A Ginza, tous les dimanches, une des rues principales est fermé à la circulation. La vitrine du grand magasin Wako est toujours très élégamment décorée. Pour le mois de Janvier, il s’agit évidemment de representations canines qui y sont montrées, car nous avons démarré l’année du chien. Au milieu de la grande rue principale de Ginza, un joueur d’un étrange instrument que je ne connais pas est installé au milieu de la voie. Je suis assez surpris par les sonorités douces qui se dégagent de cet instrument à percussion. Il y a quelque chose d’apaisant. En y repensant maintenant, j’aurais dû lui acheté un des disques qu’il vendait dans sa sacoche.

Autre lieu, devant le parc Inokashira à Kichijōji. Nous allons régulièrement chez la grand mère de Mari qui va bientôt avoir 96 ans, mais qui est toujours en grande forme. Dans la maison, j’aime cet endroit sur le tatami où la lumière pénètre et où se dégage une chaleur diffuse. L’espace est souvent agrémenté de quelques fleurs. Lorsque l’on est assis ici sur le tatami, légèrement ébloui par cette lumière, on peut s’évader quelques instants en regardant le petit jardin. Cet après midi là, Mari était partie faire des courses pour sa grand mère dans le centre de Kichijōji près de la gare. je suis resté dans cette maison avec Zoa, qui dessinait sur la table basse, et la grand mère. Nous avons discuté de tout et de rien, en regardant d’un oeil distrait le tournoi de sumo qui passait à ce moment là sur la chaine nationale NHK. Je ne sais pourquoi mais à chaque fois que nous allons chez la grand mère le dimanche après midi, on passe du sumo à la télévision. Cela fait partie en quelque sorte de l’ambiance de cette maison près du parc. Ces instants de conversations lentes et apaisantes mais remémore celles que j’avais il y a très longtemps avec une de mes grands mères, alors que j’étais encore étudiant.
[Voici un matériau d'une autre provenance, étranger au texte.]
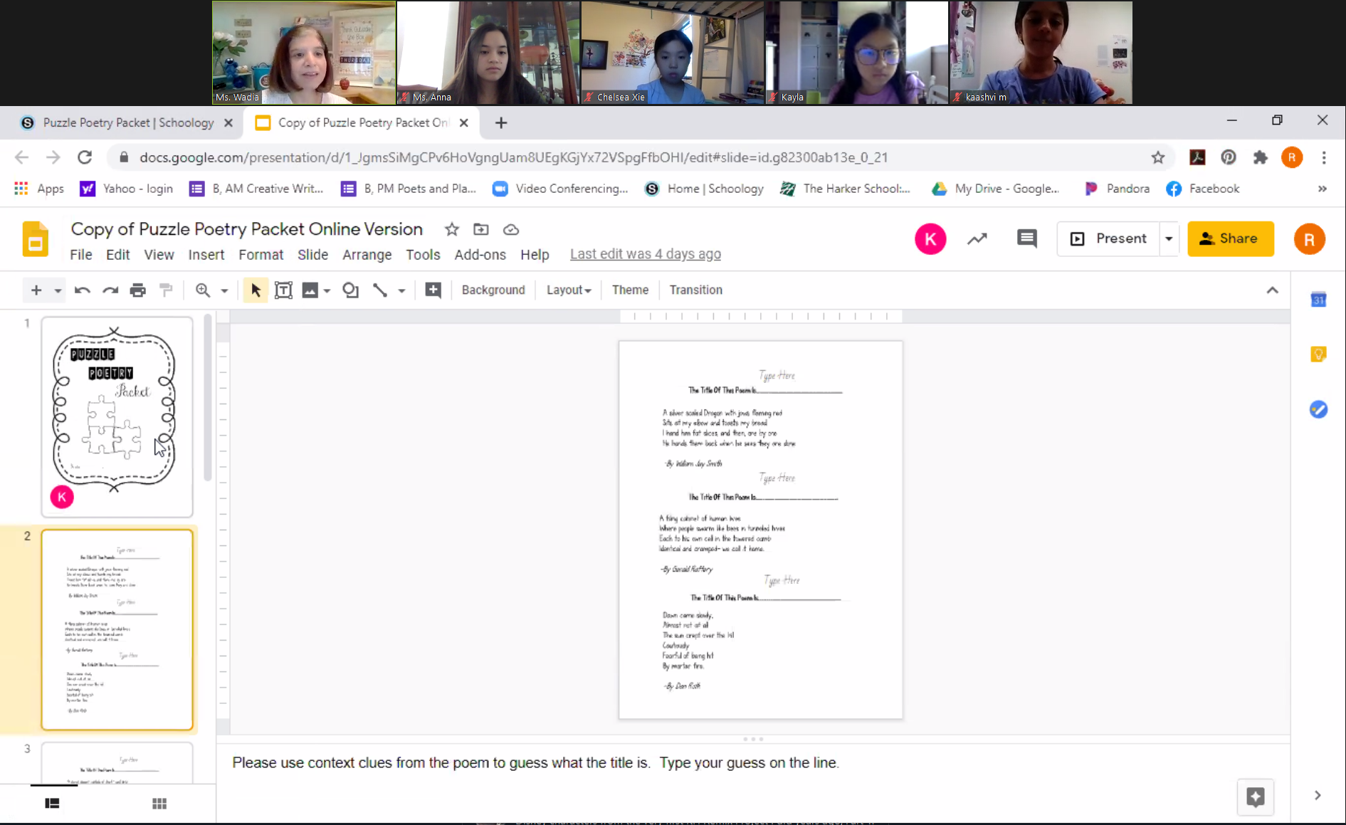The middle school Summer Institute’s Poets and Playwrights class offered students in grades 6-8 fun and engaging ways to learn about the many aspects of creating poetry and plays. Poetry was the focus of the first week of class, as students studied the work of Langston Hughes, Robert Frost, Emily Dickinson and other famous poets. Students learned about different literary devices through fun exercises such as “puzzle poems,” where students read a poem and use what they’ve learned to determine what the poem is describing.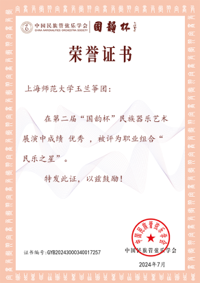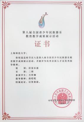 全國第七屆大學生藝術展演二等獎:上海師范大學青年民族管弦樂團

Lorsque Mari est de retour, nous allons faire une promenade au parc Inokashira, que nous connaissons maintenant très bien. L’étang au milieu du parc était vidé de son eau pour l’assainir. Cette opération avait déjà eu lieu il y a quatre ans, c’est un peu surprenant q’elle soit renouvelée aussi rapidement. Je me souviens d’il y a quatre ans, on y avait découvert nombre d’objets, même des bicyclettes, à l’intérieur de l’étang lorsqu’il a été vidé. Cela me rappelle ce personnage monstrueux recouvert de boue dans une des scènes de l’anime « Le voyage de Chihiro », d’où l’on retire toutes sortes d’objets lorsqu’il vient se laver à l’onsen. Au parc Inokashira, il n’y a donc plus d’eau dans l’étang, elle avait déjà été aspirée par un réseau compliqué de tuyauteries tout autour de l’étang.
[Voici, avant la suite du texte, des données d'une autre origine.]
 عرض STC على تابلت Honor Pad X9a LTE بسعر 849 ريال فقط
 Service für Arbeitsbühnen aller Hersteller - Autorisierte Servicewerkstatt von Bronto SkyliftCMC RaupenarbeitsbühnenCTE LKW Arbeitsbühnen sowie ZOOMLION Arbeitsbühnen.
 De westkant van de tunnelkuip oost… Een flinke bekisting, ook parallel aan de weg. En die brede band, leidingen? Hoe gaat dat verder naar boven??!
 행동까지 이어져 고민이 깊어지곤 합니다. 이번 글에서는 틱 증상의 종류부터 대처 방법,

Le bonhomme de neige de cette photographie ci-dessus n’est pas authentique. La photographie a été prise avant les deux tempêtes de neige qui ont frappé Tokyo ces deux dernières semaines. Je dis « frappé » car la première tempête avait été assez bloquante pour la circulation de la ville. La neige était de retour sur Tokyo ce vendredi, mais elle n’est pas restée sur le sol. Le bonhomme de neige ci-dessus était installé à Jinbōchō, devant des magasins de sport d’hiver.